An improved chemical scheme for the reactions of atomic oxygen and simple unsaturated hydrocarbons - implications for star-forming regions

TL;DR

This paper presents an improved chemical model for reactions between atomic oxygen and small unsaturated hydrocarbons, revealing how environmental conditions influence hydrocarbon abundance and suggesting new radicals to include in astrochemical databases.

Contribution

The study introduces an upgraded reaction scheme for atomic oxygen and hydrocarbons, highlighting the impact of environment on hydrocarbon destruction and growth, and proposing new radical species for astrochemical models.

Findings

Atomic oxygen degrades hydrocarbons to CO and precursor species in hot cores.

Hydrocarbon growth is favored in O-poor, C-rich environments.

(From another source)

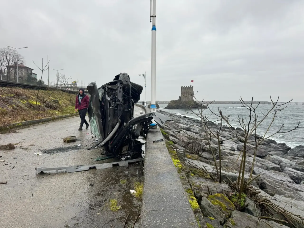 Yoldan aşağıya düşen otomobil denizle yaya yolunu birbirinden ayıran beton bariyere çarparak durabildi. Kazada yaralanan sürücü B.S., olay yerine çağrılan sağlık ekiplerinin ilk müdahalesinin ardından ambulansla Kaçkar Devlet Hastanesi’ne kaldırıldı. Yaralının sağlık durumunun iyi olduğu öğrenildi. Kaza ile ilgili inceleme başlatıldı.

Hydrocarbon column densities match observed values in the 10^13-10^15 cm^-2 range.

Abstract

Recent laboratory experiments have demonstrated that, even though contribution from other reaction channels cannot be neglected, unsaturated hydrocarbons easily break their multiple C-C bonds to form CO after their interactions with atomic oxygen. Here we present an upgraded chemical modelling including a revision of the reactions between oxygen atoms and small unsaturated hydrocarbons for different astrochemical environments. A first conclusion is that towards hot cores/corinos atomic oxygen easily degrades unsaturated hydrocarbons directly to CO or to its precursor species (such as HCCO or HCO) and destroys the double or triple bond of alkenes and alkynes. Therefore, environments rich in atomic oxygen at a relatively high temperature are not expected to be rich in large unsaturated hydrocarbons or polycyclic aromatic hydrocarbons. On the contrary, in O-poor and C-rich objects, hydrocarbon growth can occur to a large extent. In addition, new radical species, namely ketyl and vinoxy radicals, generated from other reaction channels can influence the abundances of hydrocarbons towards hot cores. We, therefore, suggest they should be included in the available databases. Hydrocarbon column densities are calculated in the 10(13)-10(15) cm(-2) range, in good agreement with their observed values, despite the small number of data currently published in the literature.